The title role was originally played by Richard Burbage, whose eulogies reveal that he was admired in the role. Moorish characters were conventionally played in turbans, with long white gowns and red trousers, with the actor's face darkened with lampblack or coal. The original Iago was likely John Lowin.

=== Restoration and 18th century ===

All theatres were closed down by the Puritan government on 6 September 1642. Upon the restoration of the monarchy in 1660, two patent companies (the King's Company and the Duke's Company) were established, and the existing theatrical repertoire divided between them, Othello being allocated to the King's Company's repertoire. These patents stated that "all the women's parts to be acted in either of the said two companies for the time to come may be performed by women". The first professional acting appearance by a woman on the English stage was that of Desdemona in Othello on 8 December 1660, although history does not record who took the role. Margaret Hughes is the first woman known to have played Desdemona.

In Restoration theatres, it was common for Shakespeare's plays to be adapted or rewritten. Othello was not adapted in this way, although it has often been cut to conform to current ideas of decorum or refinement. These cuts were not limited to removing violent, religious or sexual content, but extended on different occasions to removing references to eavesdropping, to Othello's fit, to Othello's tears, to the first 200 lines of the fourth act, or to the entire role of Bianca.

Among seventeenth- and eighteenth-century actors praised for expressing the nobility of the Moor—and fully exploring the degrading passions which lead to the brutal murder he commits—were Thomas Betterton and Spranger Barry. A review of the latter by John Bernard expressed how Barry's Othello "looked a few seconds in Desdemona's face, as if to read her feelings and disprove his suspicions; then, turning away, as the adverse conviction gathered in his heart, he spoke falteringly, and gushed into tears."

The first professional performances of the play in North America are likely to have been those of the Hallam Company: Robert Upton (William Hallam's advance man) performed Othello at a makeshift theatre in New York on 26 December 1751; and religious objections to theatre led the Hallam Company to perform Othello as a series of "moral dialogues" at Rhode Island in 1761.

Although not performed in Portugal until the nineteenth century, the play holds the distinction of being the first of Shakespeare's works to have reached a Portuguese-speaking country, possibly at the request of a Portuguese reader, in 1765.

=== 19th century ===

Paul Robeson's iconic performance (see 20th Century, below) was not the first professional performance of the title role by a black actor: the first known is James Hewlett at the African Grove Theatre, New York, in 1822. And Hewlett's protégé Ira Aldridge (billed as "The African Roscius") played many Shakespearean roles across Europe for forty years, including Othello at the Royalty Theatre, London, in 1825.

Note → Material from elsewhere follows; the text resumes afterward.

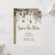 Festa de Natal SNOWY PINES Salve o Convite para a Data - Apresentando uma terra de saltos naturais de pinheiros, cones de pínus, galhos e florais, gotejando com cristais e ornamentos em fundo não branco, este convite apresenta 'Salvar a Data' e outro texto em uma caligrafia moderna, verde-pinha, com o resto do convite em uma bela seringa negra tipografia. A parte de trás do cartão apresenta um galho de árvores de inverno nevado pingando com ornamentos. O convite perfeito para o seu próximo evento, para garantir que os seus convidados tenham o dia livre.

There are stories of extravagant audience reactions to the play. One of the most extreme is related by French novelist Stendhal who reports that at the Baltimore Theatre in 1822 a soldier interrupted the performance just before Desdemona's murder, shouting, "It will never be said that in my presence a confounded Negro has killed a white woman!" The soldier fired his gun, breaking the arm of the actor playing Othello.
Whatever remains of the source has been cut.